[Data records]
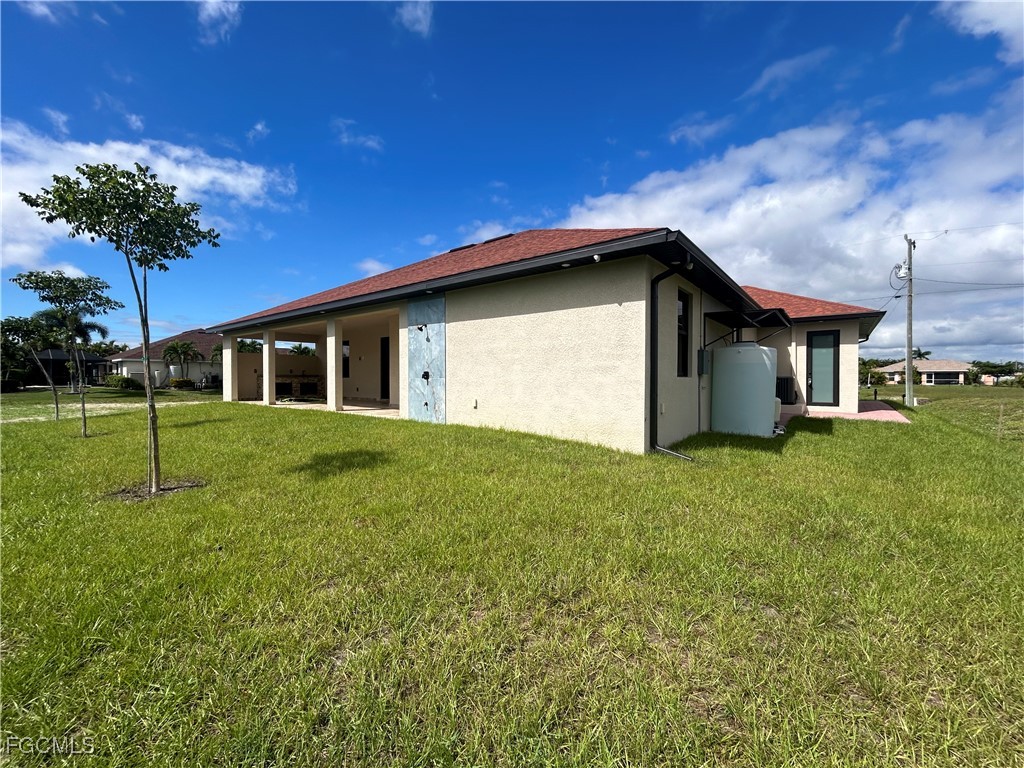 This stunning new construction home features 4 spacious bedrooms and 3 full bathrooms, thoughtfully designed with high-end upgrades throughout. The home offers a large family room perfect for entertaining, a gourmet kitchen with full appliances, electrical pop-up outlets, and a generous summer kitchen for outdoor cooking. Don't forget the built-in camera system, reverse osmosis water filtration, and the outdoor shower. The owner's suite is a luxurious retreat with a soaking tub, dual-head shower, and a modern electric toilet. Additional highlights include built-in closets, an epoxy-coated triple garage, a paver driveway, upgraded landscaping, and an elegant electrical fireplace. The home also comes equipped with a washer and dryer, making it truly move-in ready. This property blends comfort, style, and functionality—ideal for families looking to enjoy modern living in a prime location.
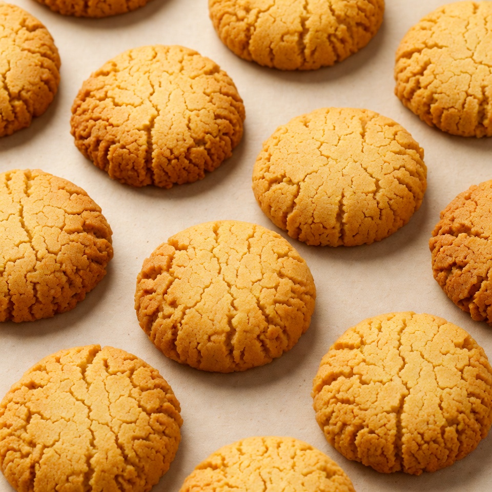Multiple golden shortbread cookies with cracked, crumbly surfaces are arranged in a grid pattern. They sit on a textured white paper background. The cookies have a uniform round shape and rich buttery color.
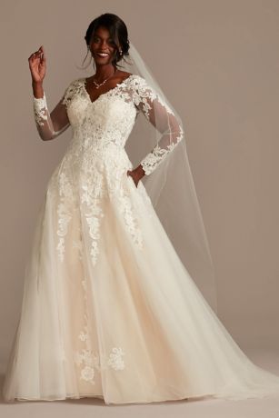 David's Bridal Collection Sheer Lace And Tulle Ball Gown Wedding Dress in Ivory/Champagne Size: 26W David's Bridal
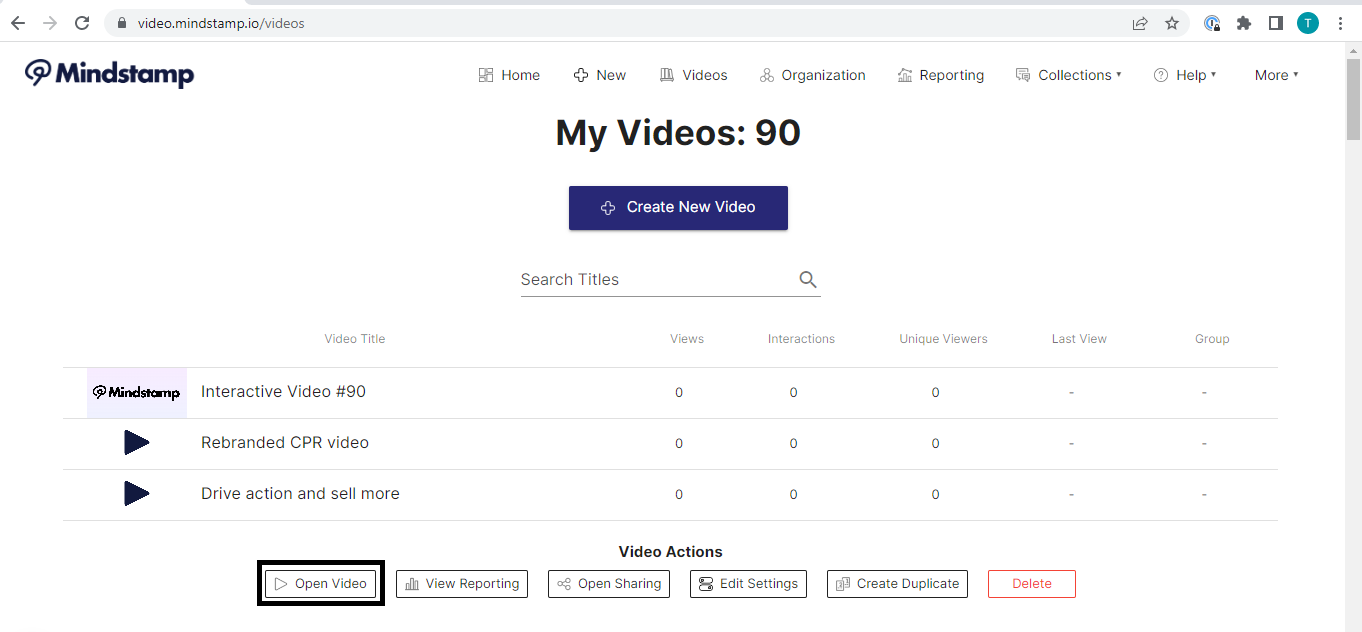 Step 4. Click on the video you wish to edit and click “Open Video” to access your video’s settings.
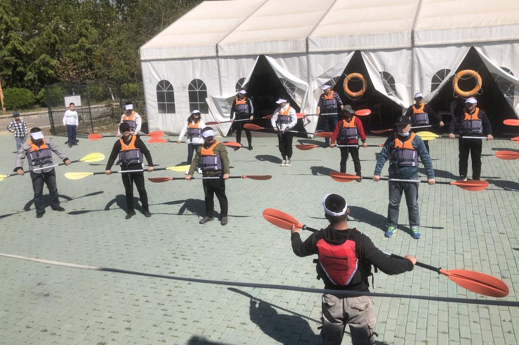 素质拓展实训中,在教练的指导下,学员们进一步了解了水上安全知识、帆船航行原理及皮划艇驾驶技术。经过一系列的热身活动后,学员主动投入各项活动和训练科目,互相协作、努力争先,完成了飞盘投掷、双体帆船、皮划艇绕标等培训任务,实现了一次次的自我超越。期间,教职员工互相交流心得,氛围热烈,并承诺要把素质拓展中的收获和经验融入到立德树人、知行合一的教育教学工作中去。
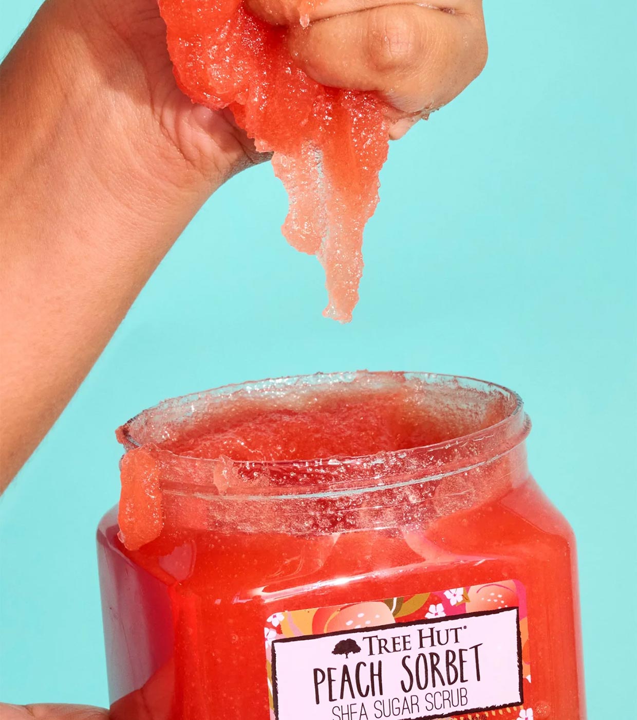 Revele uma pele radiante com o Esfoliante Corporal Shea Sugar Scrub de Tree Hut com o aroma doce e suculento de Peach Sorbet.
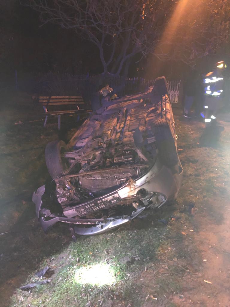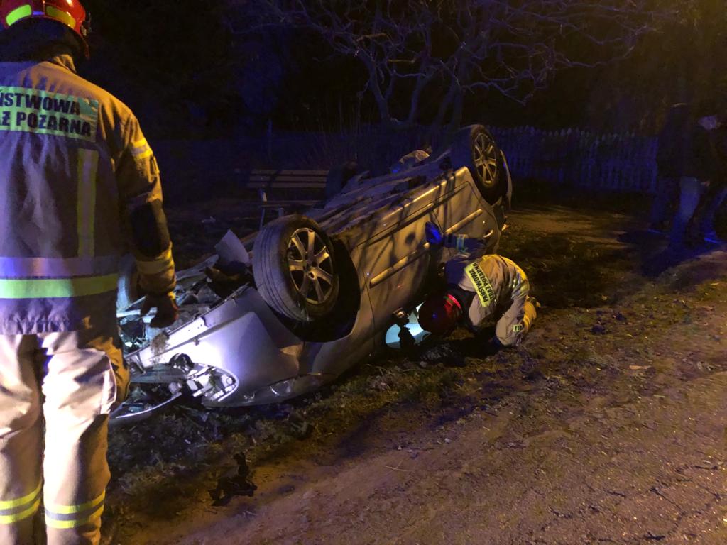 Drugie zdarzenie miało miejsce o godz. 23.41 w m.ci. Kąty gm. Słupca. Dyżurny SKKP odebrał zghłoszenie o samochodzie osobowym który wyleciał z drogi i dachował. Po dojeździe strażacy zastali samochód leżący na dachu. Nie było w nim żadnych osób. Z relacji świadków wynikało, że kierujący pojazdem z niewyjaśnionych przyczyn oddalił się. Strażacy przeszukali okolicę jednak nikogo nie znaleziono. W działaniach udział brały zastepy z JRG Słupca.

▶ _ACTION ITEM_:
Repeat exactly the lines from the one containing "Revele uma pele" to the last line of the records above, including both, and leave out any pictures.

▶ _TASK OUTPUT_:
 Revele uma pele radiante com o Esfoliante Corporal Shea Sugar Scrub de Tree Hut com o aroma doce e suculento de Peach Sorbet.
 Drugie zdarzenie miało miejsce o godz. 23.41 w m.ci. Kąty gm. Słupca. Dyżurny SKKP odebrał zghłoszenie o samochodzie osobowym który wyleciał z drogi i dachował. Po dojeździe strażacy zastali samochód leżący na dachu. Nie było w nim żadnych osób. Z relacji świadków wynikało, że kierujący pojazdem z niewyjaśnionych przyczyn oddalił się. Strażacy przeszukali okolicę jednak nikogo nie znaleziono. W działaniach udział brały zastepy z JRG Słupca.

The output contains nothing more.